The U.S. is on the sidelines as public health officials from around the world meet in Bangkok this week to put into action a global treaty to curb death and disease caused by tobacco use. More than 190 countries unanimously adopted the treaty in 2003. Since then, 148 countries have moved to ratified it, but not the US.
Public health advocates say the Bush administration has stalled the ratification process, and is putting the United States behind the rest of world. “The only message we are sending is that we care more about protecting American tobacco companies than we do in preventing deaths from the use of tobacco,” says Matt Myers of the Campaign for Tobacco Free Kids, a leading U.S. anti-tobacco group.
In the United States, the treaty would require the federal regulation of tobacco, which is currently unregulated.
Regulate ... ? Oh oh.
That's not capitalism.

Sunday, July 01, 2007

Conventional Cooperation

UNITED NATIONS - A long-awaited international convention against nuclear terrorism will come into force next week, nine years after it was originally proposed by Russia and 10 months after it was adopted by the 192-member General Assembly. But most of the major powers, including those with nuclear weapons, are giving it a miss — at least so far.

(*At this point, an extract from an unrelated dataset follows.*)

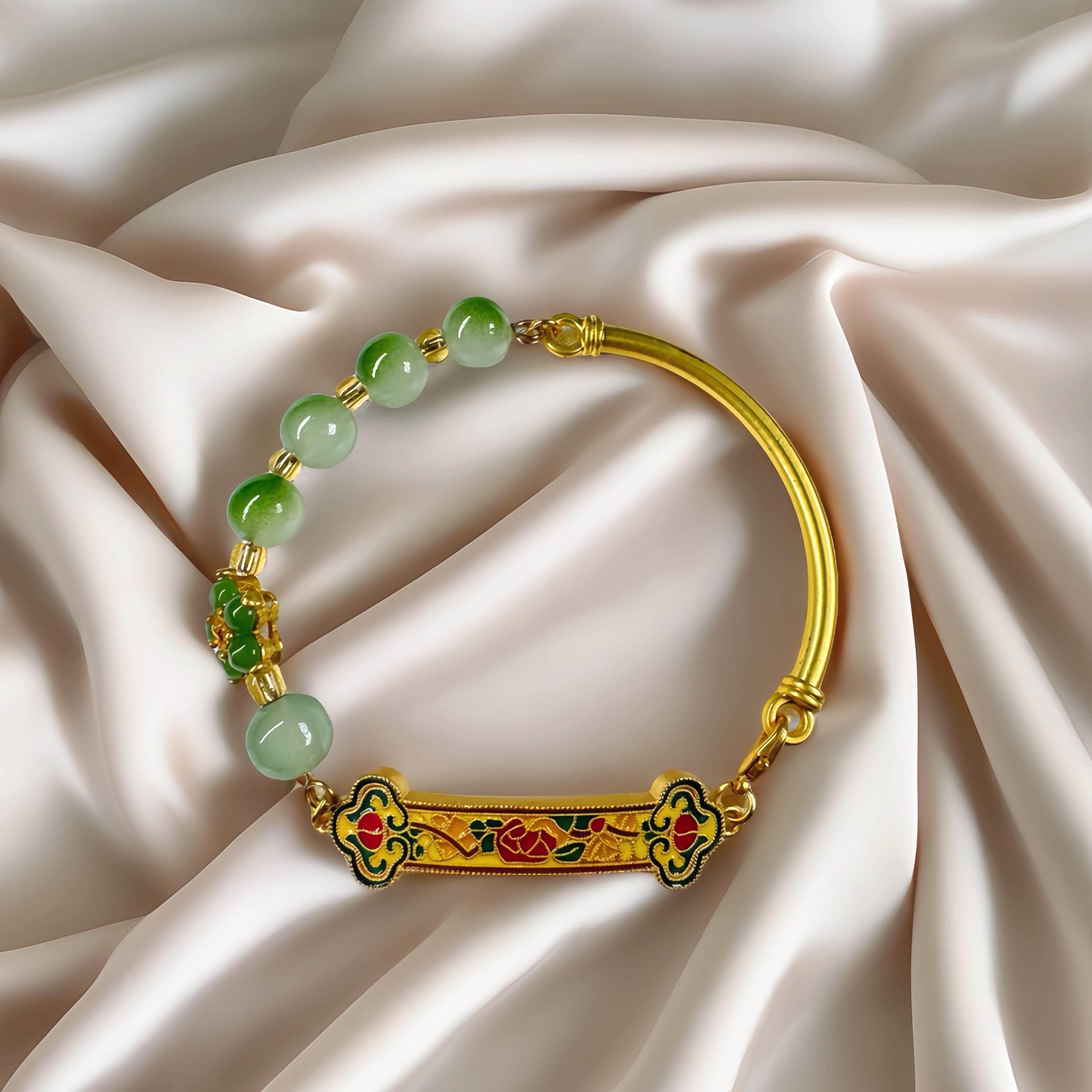 🌟Bracelet A features translucent green beads that mimic the texture of jade, giving it a timeless, elegant feel 💚✨. To add a unique touch, we’ve included a cloisonné-style enamel charm as a centerpiece. Perfect for vintage jewelry lovers or anyone who appreciates Chinese culture, this bracelet is a stylish way to showcase your love for tradition with a modern twist! 🌿🎨

The new international treaty, which has 115 signatories, needed 22 ratifications before it became international law. The 22nd country to ratify it was Bangladesh. The treaty comes into force July 7.

Dr. Natalie J. Goldring, a senior fellow with the Center for Peace and Security Studies and an adjunct full professor in the Security Studies Program at the Edmund A. Walsh School of Foreign Service at Georgetown University, however, expresses doubts about the effective implementation of the convention. [...]

The five permanent members of the U.N. Security Council and at least three other countries outside the Nuclear Non-proliferation Treaty have about 26,000 nuclear weapons among them, of which 12,000 are on alert status.